Friedrich August Hayek, who passed away 20 years ago today, was one of foremost social scientists of the last century. A Nobel laureate in economics, Hayek is often associated with a crucial intuition that informs his critique of socialist systems. There is, in society, a "knowledge problem": Economic life requires the coordination of individual planning. The relevant knowledge for economic planning is dispersed rather than concentrated in society. If this makes coordination challenging enough in a market system, it also makes coordination a virtual impossibility under central planning: The planner can never secure and process all the necessary information to provide detailed guidance to any given development in society.

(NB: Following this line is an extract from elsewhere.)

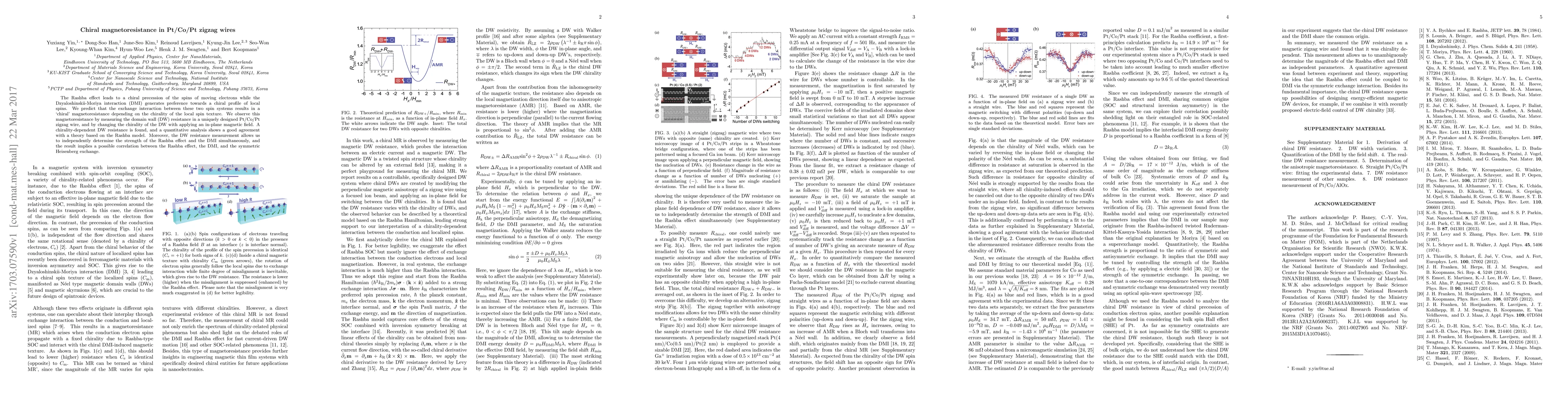 The Rashba effect leads to a chiral precession of the spins of moving electrons while the Dzyaloshinskii-Moriya interaction (DMI) generates preference towards a chiral profile of local spins. We predict that the exchange interaction between these two spin systems results in a 'chiral' magnetoresistance depending on the chirality of the local spin texture. We observe this magnetoresistance by measuring the domain wall (DW) resistance in a uniquely designed Pt/Co/Pt zigzag wire, and by changing the chirality of the DW with applying an in-plane magnetic field. A chirality-dependent DW resistance is found, and a quantitative analysis shows a good agreement with a theory based on the Rashba model. Moreover, the DW resistance measurement allows us to independently determine the strength of the Rashba effect and the DMI simultaneously, and the result implies a possible correlation between the Rashba effect, the DMI, and the symmetric Heisenberg exchange.

Even though this argument was originally deployed against hard-core socialism, it works pretty well against the soft-core version widely adopted by European democracies. Centralized welfare systems are necessarily run by a bureaucratic leadership. Pace Max Weber, the "technical superiority" of such an organization is simply not enough to master the nuances of a complex society. Centralized government allocates resources badly—regardless of its intentions. The very nature of centralization makes impossible for it to collect and compute all the information that is needed. This is as true for any grand scheme of industrial planning as it is for the government-led welfare systems that characterize Europe's "social model."..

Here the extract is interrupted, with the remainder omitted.